[bind10-dev] proposal: revising listen port configuration
JINMEI Tatuya / 神明達哉
jinmei at isc.org
Thu Apr 5 17:44:13 UTC 2012
At Wed, 4 Apr 2012 09:19:05 +0200,
Michal 'vorner' Vaner <michal.vaner at nic.cz> wrote:
> On Tue, Apr 03, 2012 at 11:15:09AM -0700, JINMEI Tatuya wrote:
> > ...we should consider the case where the acquisition of new socket
> > fails after the server responds to the config update.
>
> Do we really? I mean, it kind of makes sense to be able to respond to a command
> asynchronously as well. So the workflow would look like:
> • We got a config update.
> • So we send out bunch of requests for the new sockets, with a callback.
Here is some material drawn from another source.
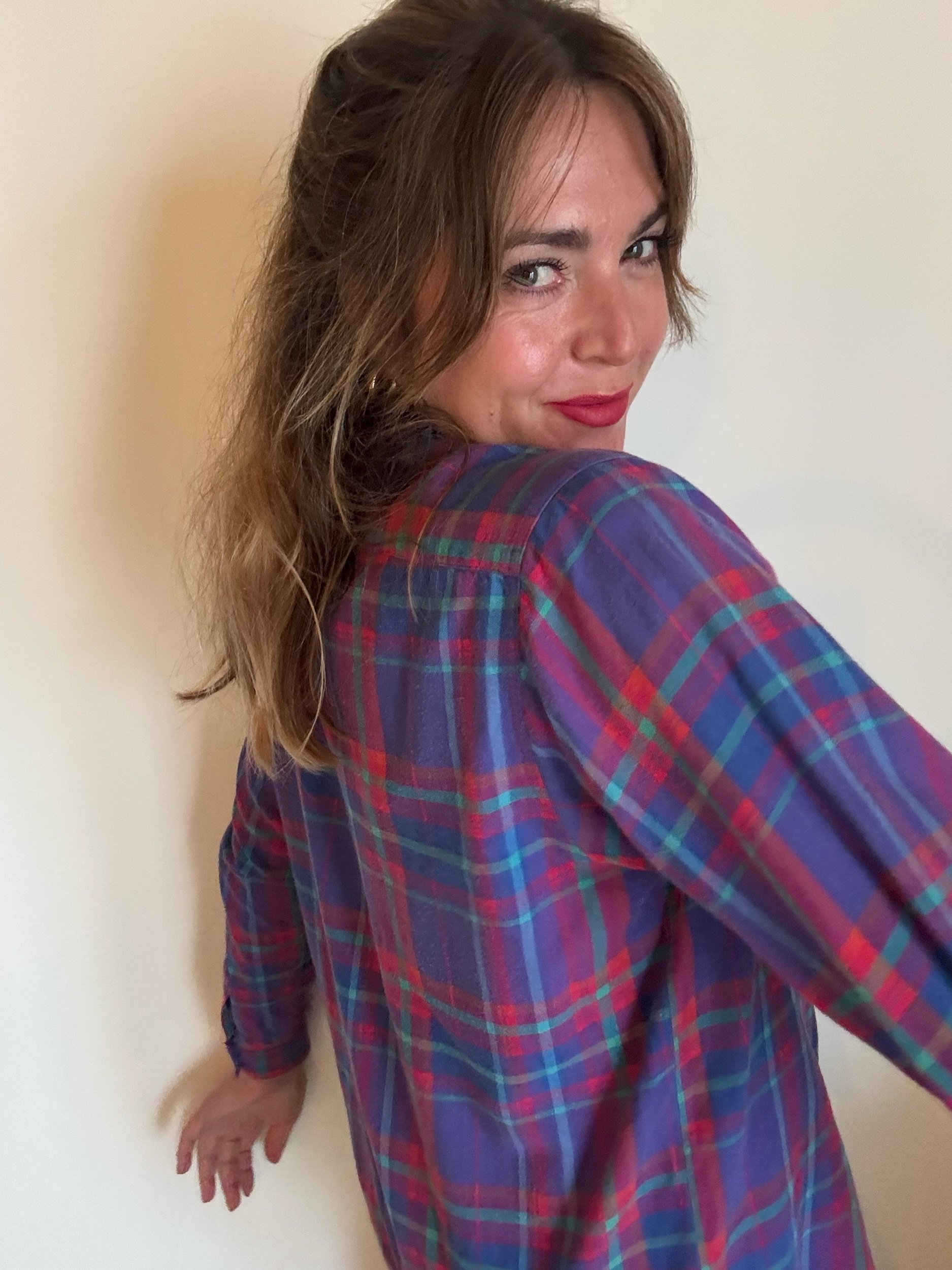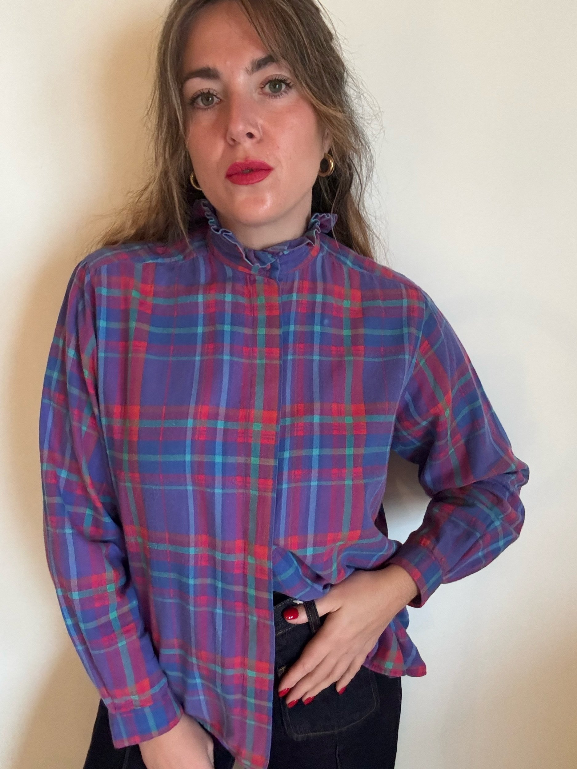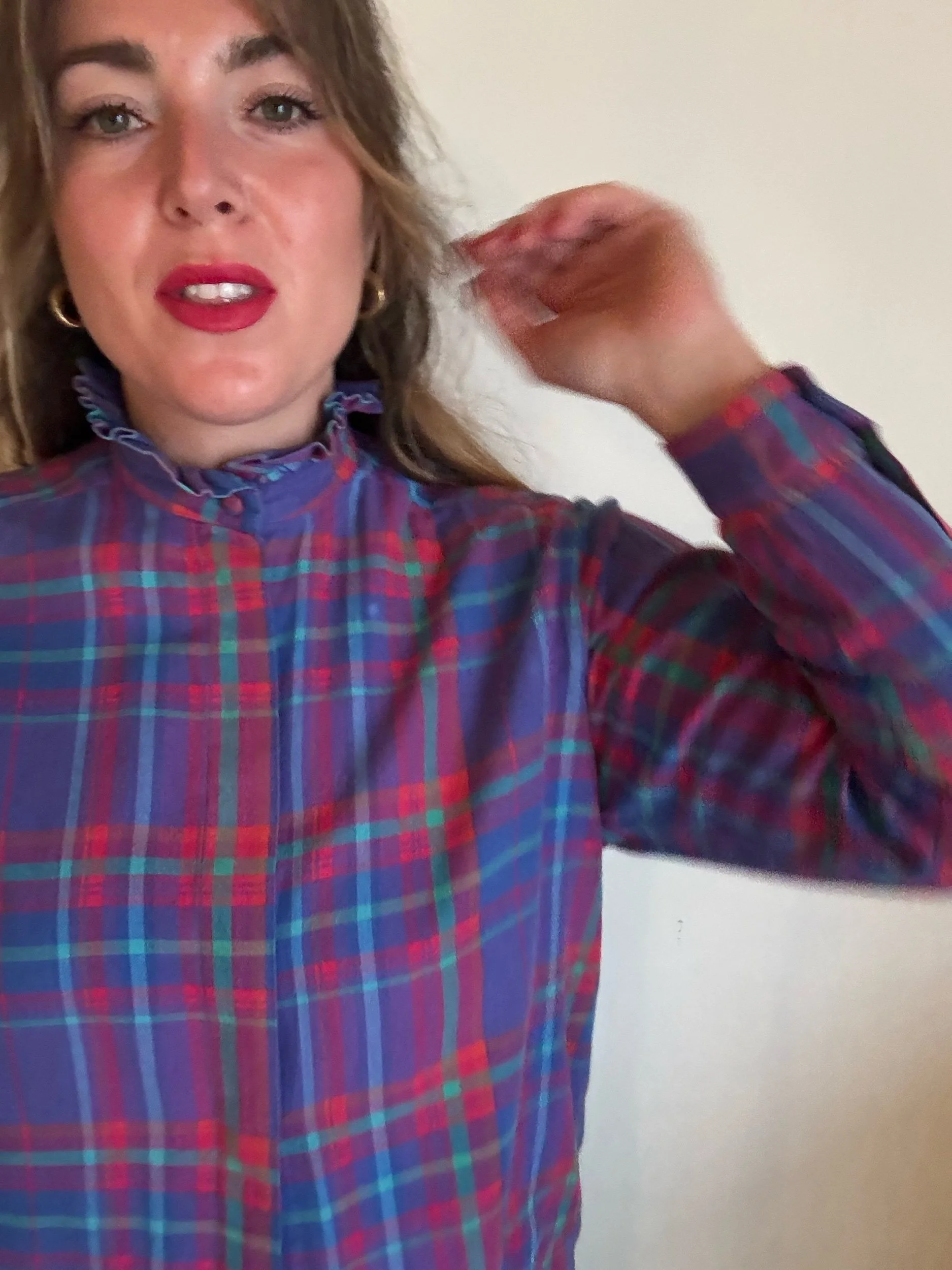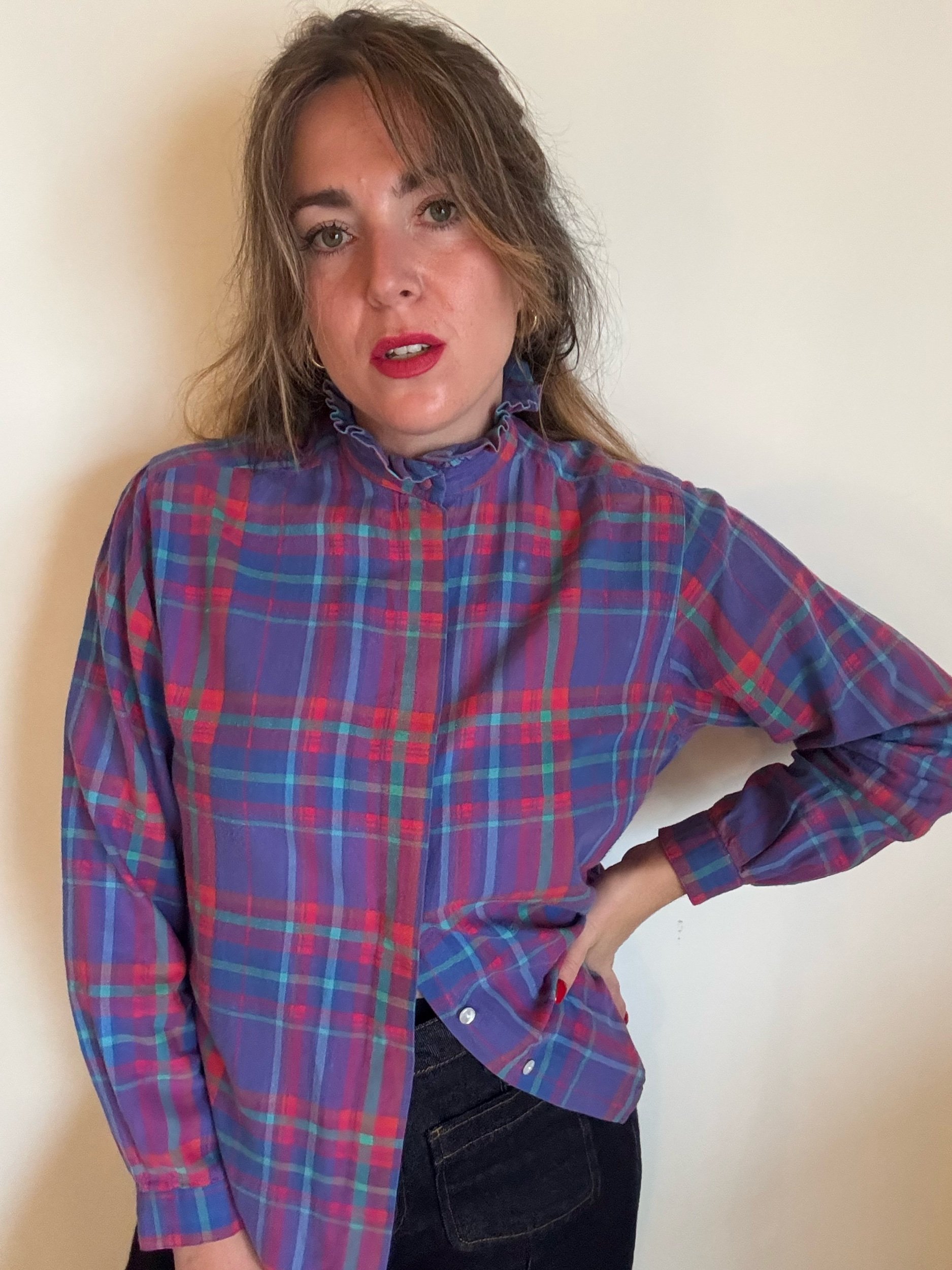 Fab 80s blouse in a fun, vibrant plaid. It’s festive but also works all year round, love the purples and teals together. High neck with ruffle collar

> • We return, but don't send the answer yet.
> • Sometime later, the callback(s) is(are) called. We change the sockets and
> send the answer.
>
> But I'm not sure if it's really worth it.
It may not be impossible, but is not easily adaptable to the current
design because all communications between bindctl and cmdctl, cmdctl
and cfgmgr, and cfgmgr and auth/resolver are currently all
synchronous.
> Anyway, I'd very like to be able to decouple the config validation from config
> update operations, for several reasons. Now, with multiple instances of
> components, each of them validates. If they don't agree on the validity, race
> conditions happen and the fastest to answer wins. Handling of local and remote
> config is different. And we have no way to validate config if the component is
> not running.
>
> If the validation was taken out of the process and placed somewhere else, the
> config update would be just a notification and there would be no answer to it
> anyway.
I guess some part of my initial suggestion is aligned with this,
although probably for different purposes. In that suggestion I
propose separating operation-level validation for listen_on (i.e.,
whether the socket is really acquired) from the checks requested by
cfgmgr. So, basically listen_on request would always succeed in the
view of cfgmgr, and in that view cfgmgr and auth/resolver are always
consistent, but the requested socket may not always be open. And,
this way, it's not a problem if "the acquisition of new socket fails
after the server responds to the config update."
---
JINMEI, Tatuya
Internet Systems Consortium, Inc.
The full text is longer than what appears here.